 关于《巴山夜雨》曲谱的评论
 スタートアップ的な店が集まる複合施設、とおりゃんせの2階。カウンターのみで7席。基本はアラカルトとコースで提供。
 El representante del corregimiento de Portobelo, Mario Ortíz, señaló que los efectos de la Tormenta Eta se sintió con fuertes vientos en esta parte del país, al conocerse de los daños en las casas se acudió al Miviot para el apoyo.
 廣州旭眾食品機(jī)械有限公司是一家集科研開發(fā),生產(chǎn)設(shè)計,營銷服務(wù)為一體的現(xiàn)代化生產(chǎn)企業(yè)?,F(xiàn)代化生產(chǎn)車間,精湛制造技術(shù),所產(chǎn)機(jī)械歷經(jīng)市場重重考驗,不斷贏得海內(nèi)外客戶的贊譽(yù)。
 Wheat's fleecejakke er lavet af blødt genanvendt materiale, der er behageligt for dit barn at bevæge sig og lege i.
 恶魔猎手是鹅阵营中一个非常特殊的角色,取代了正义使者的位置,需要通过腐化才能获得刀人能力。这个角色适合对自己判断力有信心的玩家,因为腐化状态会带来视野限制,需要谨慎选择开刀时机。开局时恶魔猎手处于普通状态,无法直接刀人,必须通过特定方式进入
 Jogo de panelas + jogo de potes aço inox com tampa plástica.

...

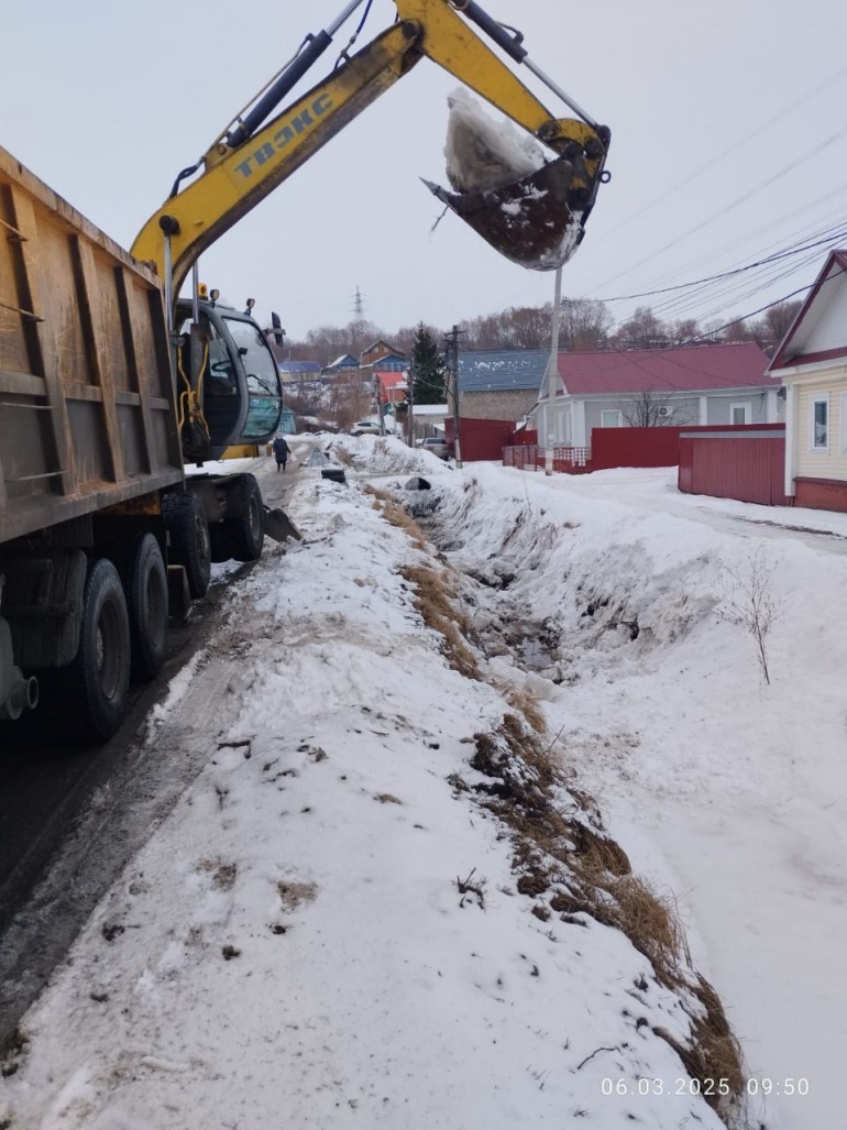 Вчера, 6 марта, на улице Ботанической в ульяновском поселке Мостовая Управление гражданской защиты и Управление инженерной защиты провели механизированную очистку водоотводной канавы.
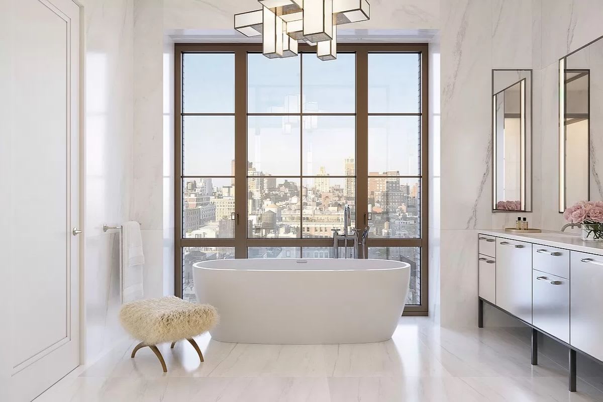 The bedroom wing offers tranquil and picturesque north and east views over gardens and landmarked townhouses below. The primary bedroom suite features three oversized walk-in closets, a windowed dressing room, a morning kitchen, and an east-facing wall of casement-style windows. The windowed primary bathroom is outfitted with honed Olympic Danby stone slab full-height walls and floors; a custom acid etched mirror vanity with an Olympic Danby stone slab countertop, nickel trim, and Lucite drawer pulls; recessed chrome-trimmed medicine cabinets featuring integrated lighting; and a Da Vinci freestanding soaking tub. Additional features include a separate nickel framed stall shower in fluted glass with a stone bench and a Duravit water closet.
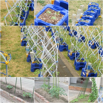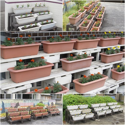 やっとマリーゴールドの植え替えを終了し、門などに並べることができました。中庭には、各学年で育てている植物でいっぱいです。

---

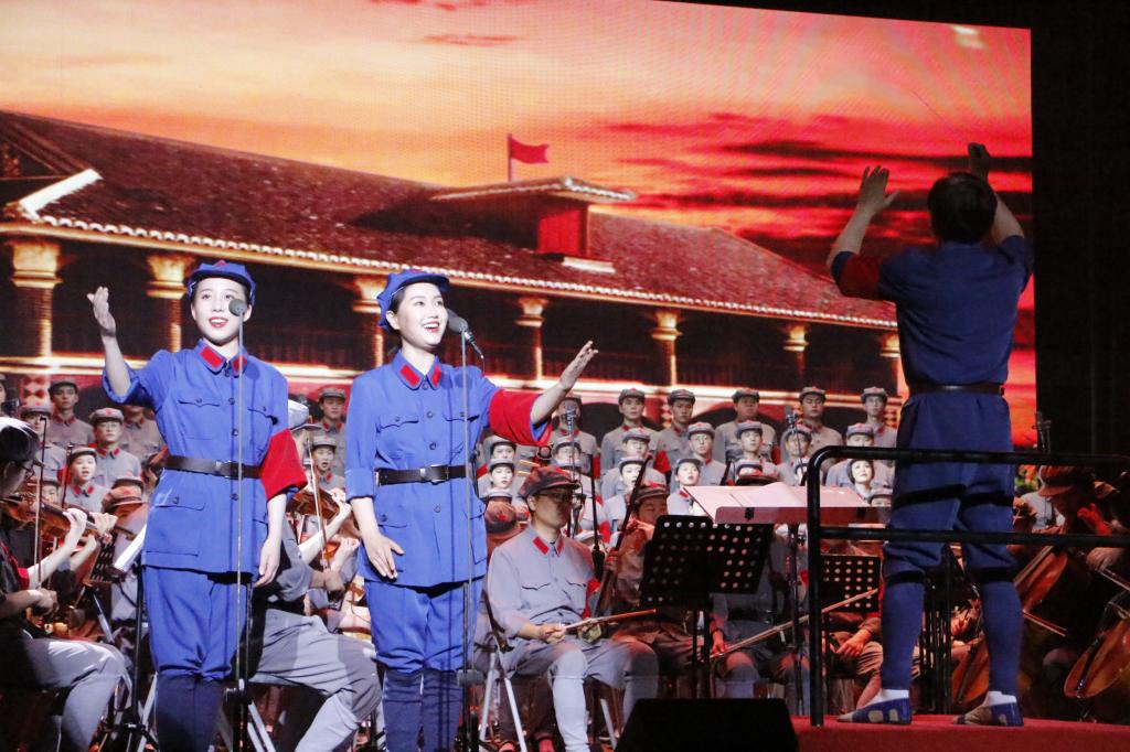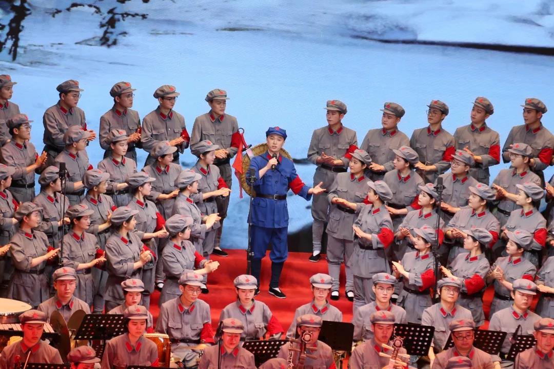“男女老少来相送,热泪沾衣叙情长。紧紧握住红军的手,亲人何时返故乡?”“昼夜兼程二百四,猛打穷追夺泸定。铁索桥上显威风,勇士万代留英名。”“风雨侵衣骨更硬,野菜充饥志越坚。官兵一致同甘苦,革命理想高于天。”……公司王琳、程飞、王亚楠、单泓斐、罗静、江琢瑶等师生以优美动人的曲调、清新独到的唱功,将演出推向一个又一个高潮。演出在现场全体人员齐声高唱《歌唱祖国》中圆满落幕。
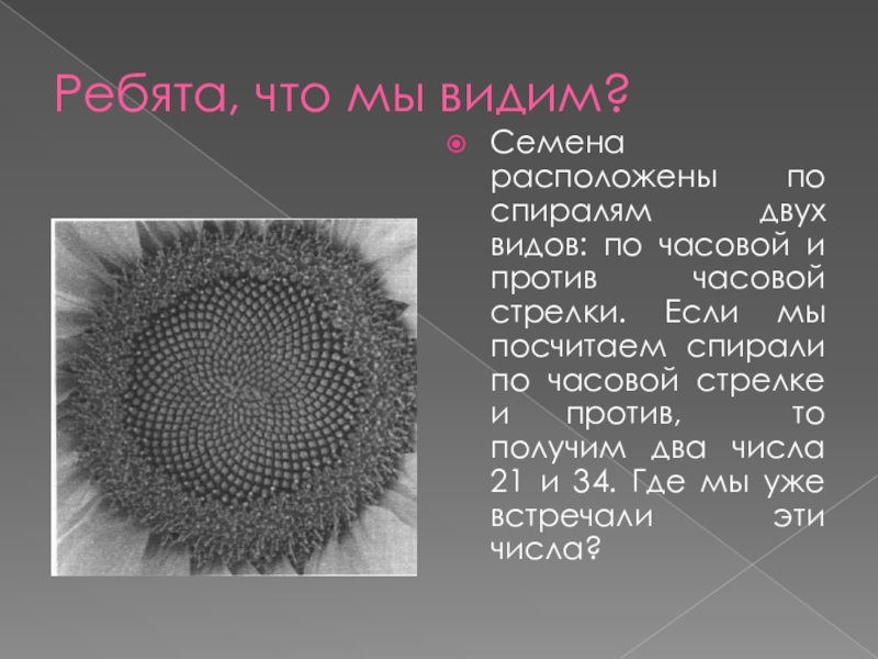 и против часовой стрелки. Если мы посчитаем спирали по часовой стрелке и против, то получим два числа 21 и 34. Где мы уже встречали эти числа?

### AIM OF THE TASK
Repeat exactly the lines of the listing above, from the one with "关于《巴山夜雨》曲谱的评论" down to the one with "Wheat's fleecejakke er"; both of those lines belong in the range.

### THE ANSWER
 关于《巴山夜雨》曲谱的评论
 スタートアップ的な店が集まる複合施設、とおりゃんせの2階。カウンターのみで7席。基本はアラカルトとコースで提供。
 El representante del corregimiento de Portobelo, Mario Ortíz, señaló que los efectos de la Tormenta Eta se sintió con fuertes vientos en esta parte del país, al conocerse de los daños en las casas se acudió al Miviot para el apoyo.
 廣州旭眾食品機(jī)械有限公司是一家集科研開發(fā),生產(chǎn)設(shè)計,營銷服務(wù)為一體的現(xiàn)代化生產(chǎn)企業(yè)?,F(xiàn)代化生產(chǎn)車間,精湛制造技術(shù),所產(chǎn)機(jī)械歷經(jīng)市場重重考驗,不斷贏得海內(nèi)外客戶的贊譽(yù)。
 Wheat's fleecejakke er lavet af blødt genanvendt materiale, der er behageligt for dit barn at bevæge sig og lege i.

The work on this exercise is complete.